When it is allocated, the size (in bytes) is computed by:
size_in_bits >> 3
There are 2 issues (numbers bellow assume that longs are 64 bits):
- there is no guarantee here that 'pchunk->bitmapmem.size' is modulo
BITS_PER_LONG but bitmaps are stored as longs
(sizeofbitmap=8 bits will only allocate 1 byte, instead of 8 (1 long))

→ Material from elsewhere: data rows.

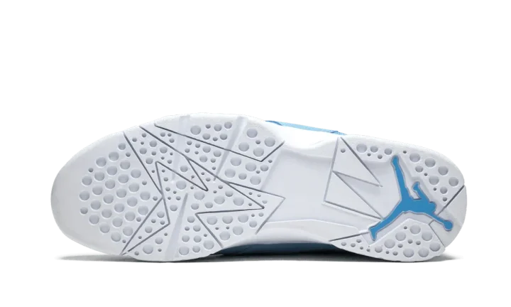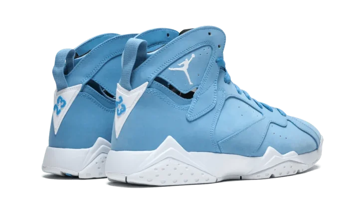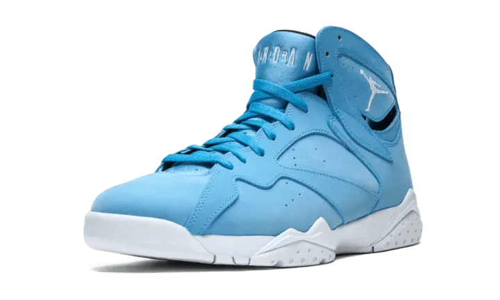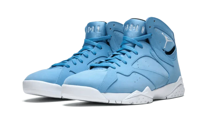 The Air Jordan 7 "Pantone" is an April 2017 release by Jordan Brand that honor's Michael Jordan's college alma mater, the University of North Carolina. The "Pantone" first made headlines when it appeared as a sample shoe in 2010's World Basketball Festival. Later, based on the shoe's popularity in the sneaker community, Jordan Brand decided to give the "UNC" inspired colorway a proper retail release. The Jordan 7 "Pantone" was released alongside other Jordan models in Tar Heels colors that spring, including the Jordan 11 Low "University Blue." Here, the upper is dressed in a full monochromatic University Blue synthetic nubuck material for an attention-grabbing look. An embroidered Jumpman logo appears on the collar and light blue "23" insignia can be found on the back of the shoe. The "Pantone" retains the Jordan 7's original "Air Jordan" typography on the nylon tongue as part of Jordan Brand's "Remastered" series that recreated original Air Jordan styles in modern materials. Underfoot, a white midsole with original Jordan 7 design elements completes the look. Release date: April 29, 2017.
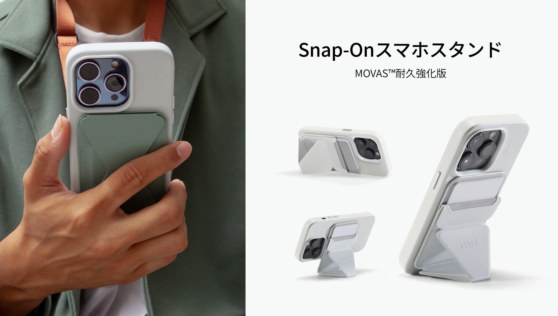 スマホスタンド、グリップ、カードケースがすっきりひとつになりました。MOVAS™採用で触り感と磁力がアップグレード。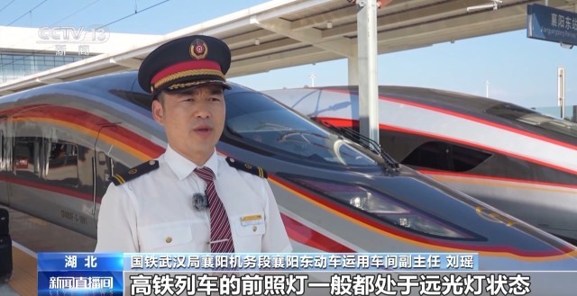 国铁武汉局襄阳机务段襄阳东动车运用车间副主任 刘瑶:高铁列车的前照灯一般都处于远光灯状态,这也是为了能让司机在最大视距范围获得线路信息。一旦发生紧急情况,就能为司机提供更多的判断和操作时间,尽可能地降低危险和损失。

- the number of bytes is computed with a shift, not a round up, so we
may allocate less memory than needed
(sizeofbitmap=65 bits will only allocate 8 bytes (i.e. 1 long), when 2
longs are needed = 16 bytes)
Fix both issues by using 'bitmap_zalloc()' and remove the useless
'bitmapmem' from 'struct irdma_chunk'.
While at it, remove some useless NULL test before calling
kfree/bitmap_free.
Fixes: 915cc7ac0f8e ("RDMA/irdma: Add miscellaneous utility definitions")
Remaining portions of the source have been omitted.